All lines from the top of the records below through the line holding "더불어, 골드윈은 이번", and only those, should be printed exactly, minus the pictures.

++++++++++++++++++++

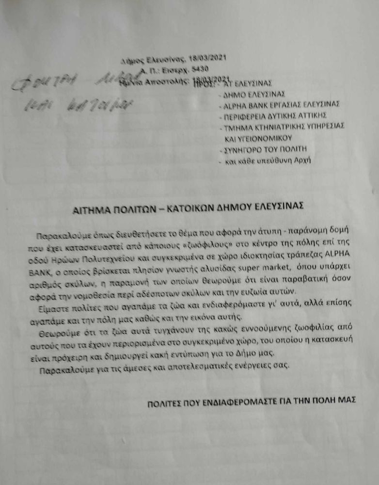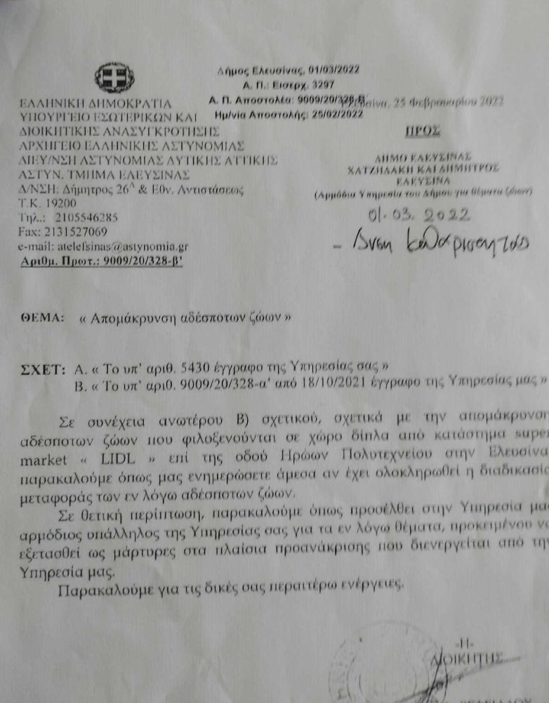 Σε ότι αφορά τον χώρο που πρόκειται να εγκατασταθούν οι 19 ψυχές ο δήμος της Ελευσίνας έχει κληθεί από 2021 να απομακρύνει τα ζώα από το σημείο σύμφωνα με εντολή του Υγειονομικού και σε συμμόρφωση με την κείμενη νομοθεσία.
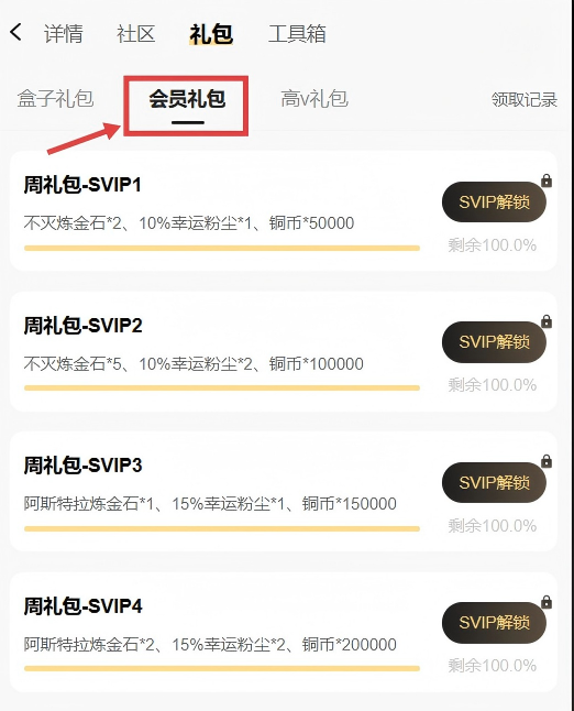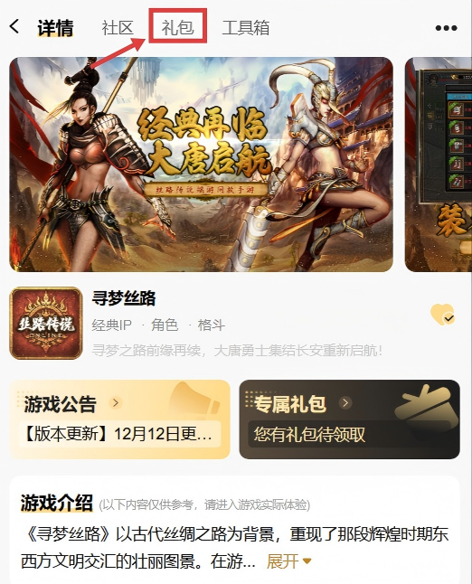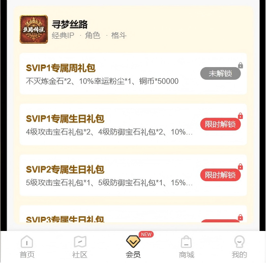 进入「39游戏盒子」-「寻梦丝路」社区找到「礼包」-「会员礼包」领取专属权益。 进入「39游戏盒子」-「会员」页面SVIP可领取的会员权益下方找到「寻梦丝路」领取专属权益。领取方式
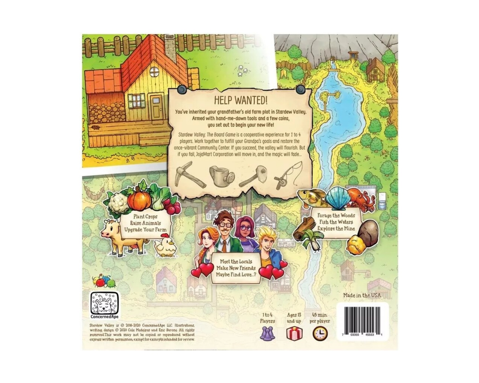 Stardew Valley - Brädspel är ett kooperativt sällskapsspel från Eric Barone, som baseras på det hyllade datorspelet. I Stardew Valley återfinns en rik och levande värld där spelarna samarbetar för att återställa den nedgångna dalen. Spelet uppmanar till strategiskt tänkande genom att odla grödor, föda upp djur och expandera sin gård. Med en spelmekanik som främjar samarbete är målet att förhindra Joja Corporations intrång och bevara dalens charmiga samhälle.Innehållet i spelet omfattar diverse komponenter såsom spelbräde, regelbok, specialbrickor och kort, vilket möjliggör en djup och varierad spelupplevelse. De unika bybor-korten och säsongskorten erbjuder spelarna möjligheter att skaffa sig fördelar genom vänskap och hemliga uppdrag. De olika tärningarna och brickorna bidrar också till att skapa en dynamisk spelmiljö där varje beslut och handling har betydelse. Speltiden är cirka 45 minuter per spelare, vilket gör det till en perfekt aktivitet för spelkvällar i sällskap med vänner och familj.
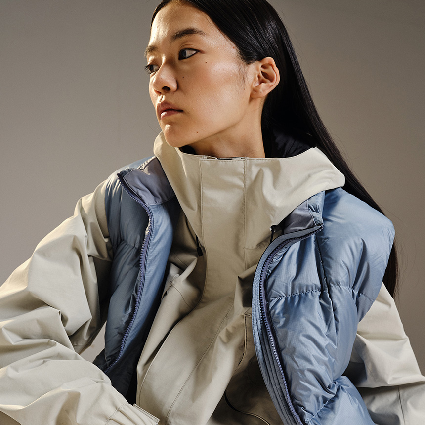 더불어, 골드윈은 이번 컬렉션에서도 브랜드의 철학인 ‘Technology =Science’에 초점을 맞춘다. 도야마현 오야베시에 위치한 Goldwin Tech Lab에서 이루어지는 제품 테스트 과정을 바탕으로, 기술을 떠받치는 장인의 손길과 제조 현장의 기록, 그리고 원초적인 자연의 풍경을 융합하여 과학과 아트, 자연이 공존하는 세계관을 디자인과 캠페인에 담아냈다.
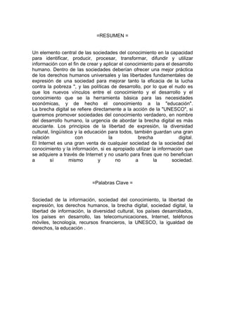 El documento discute el paso de las sociedades de la información a las sociedades del conocimiento, donde la identificación, producción y uso de información para crear conocimiento es fundamental para el desarrollo humano. También aborda la importancia de los derechos humanos y la libertad de expresión en estas sociedades, así como los desafíos de la brecha digital entre países desarrollados y en desarrollo. El acceso a Internet es clave para el éxito de las sociedades del conocimiento.
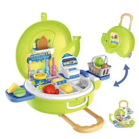Tento roztomilý vozík s domkem ve tvaru slona skrývá spoustu vzrušujících věcí, protože když ho otevřete, objeví se před dětmi opravdový supermarket. Souprava obsahuje pokladnu, nákupní košík a spoustu zboží, které si mohou děti koupit. Ukládání a přeprava sady je velmi jednoduché díky vynalézavému designu s kolečky na kufru.
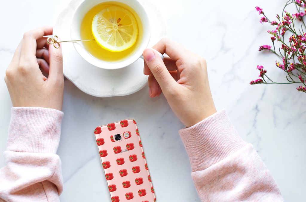 Er zit pit in jouw Samsung Galaxy A3 2017 Siliconen Case dankzij dit design met rode paprika’s. Paprika’s zijn er in allerlei kleuren en vormen en ze hebben gemeen dat ze heel erg gezond zijn. De rode paprika’s op deze case staan op een grijs met witte geblokte achtergrond en vormen een opvallende verschijning. Heb jij ooit iemand in je nabije omgeving rond zien lopen met een design hoesje met rode paprika’s? Waarschijnlijk niet. Dit hoesje wordt alleen aan de bovenkant bedrukt met paprika’s en is zeer flexibel. De randen van het hoesje blijven transparant en worden niet bedrukt. Met dit hoesje past jouw telefoon altijd in je broekzak. Zeker weten dat je met dit hoesje met rode paprika’s een smartphone accessoire te pakken hebt waarmee je jezelf in de schijnwerpers zet. Als je andere kleuren paprika’s op je hoesje wilt, raden we je aan ons assortiment design hoesjes te bekijken of zelf een hoesje te ontwerpen.
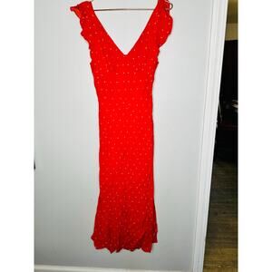 JASON WU COLLECTIVE Red Polka Dot Flutter Sleeve V-Neck Midi Dress Size 2
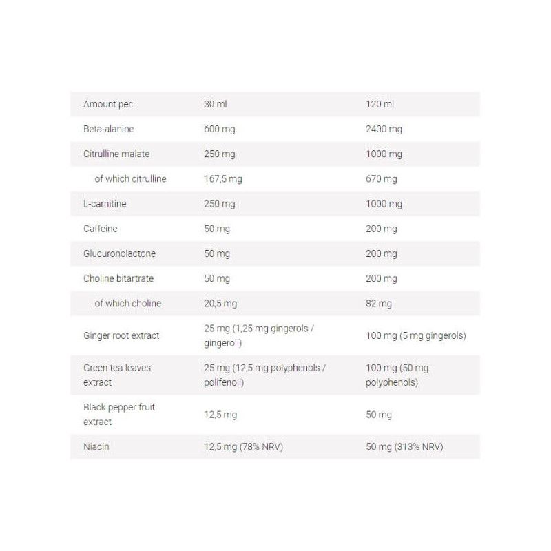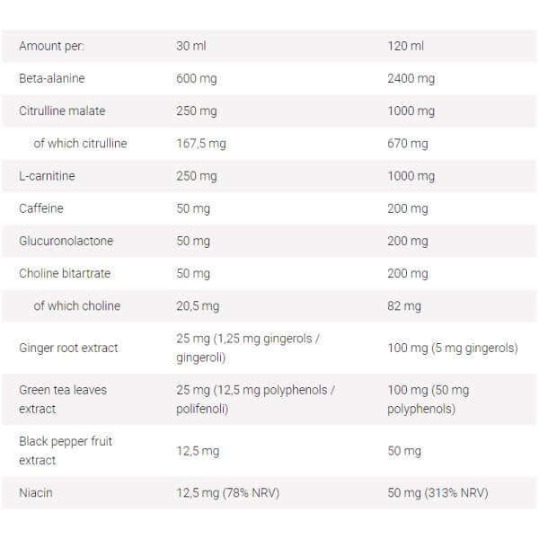 У порції рідини Fat Burner 2 in 1 від Fitness Authority об'ємом 30 мл міститься:

++++++++++++++++++++

(Written answer)
 Σε ότι αφορά τον χώρο που πρόκειται να εγκατασταθούν οι 19 ψυχές ο δήμος της Ελευσίνας έχει κληθεί από 2021 να απομακρύνει τα ζώα από το σημείο σύμφωνα με εντολή του Υγειονομικού και σε συμμόρφωση με την κείμενη νομοθεσία.
 进入「39游戏盒子」-「寻梦丝路」社区找到「礼包」-「会员礼包」领取专属权益。 进入「39游戏盒子」-「会员」页面SVIP可领取的会员权益下方找到「寻梦丝路」领取专属权益。领取方式
 Stardew Valley - Brädspel är ett kooperativt sällskapsspel från Eric Barone, som baseras på det hyllade datorspelet. I Stardew Valley återfinns en rik och levande värld där spelarna samarbetar för att återställa den nedgångna dalen. Spelet uppmanar till strategiskt tänkande genom att odla grödor, föda upp djur och expandera sin gård. Med en spelmekanik som främjar samarbete är målet att förhindra Joja Corporations intrång och bevara dalens charmiga samhälle.Innehållet i spelet omfattar diverse komponenter såsom spelbräde, regelbok, specialbrickor och kort, vilket möjliggör en djup och varierad spelupplevelse. De unika bybor-korten och säsongskorten erbjuder spelarna möjligheter att skaffa sig fördelar genom vänskap och hemliga uppdrag. De olika tärningarna och brickorna bidrar också till att skapa en dynamisk spelmiljö där varje beslut och handling har betydelse. Speltiden är cirka 45 minuter per spelare, vilket gör det till en perfekt aktivitet för spelkvällar i sällskap med vänner och familj.
 더불어, 골드윈은 이번 컬렉션에서도 브랜드의 철학인 ‘Technology =Science’에 초점을 맞춘다. 도야마현 오야베시에 위치한 Goldwin Tech Lab에서 이루어지는 제품 테스트 과정을 바탕으로, 기술을 떠받치는 장인의 손길과 제조 현장의 기록, 그리고 원초적인 자연의 풍경을 융합하여 과학과 아트, 자연이 공존하는 세계관을 디자인과 캠페인에 담아냈다.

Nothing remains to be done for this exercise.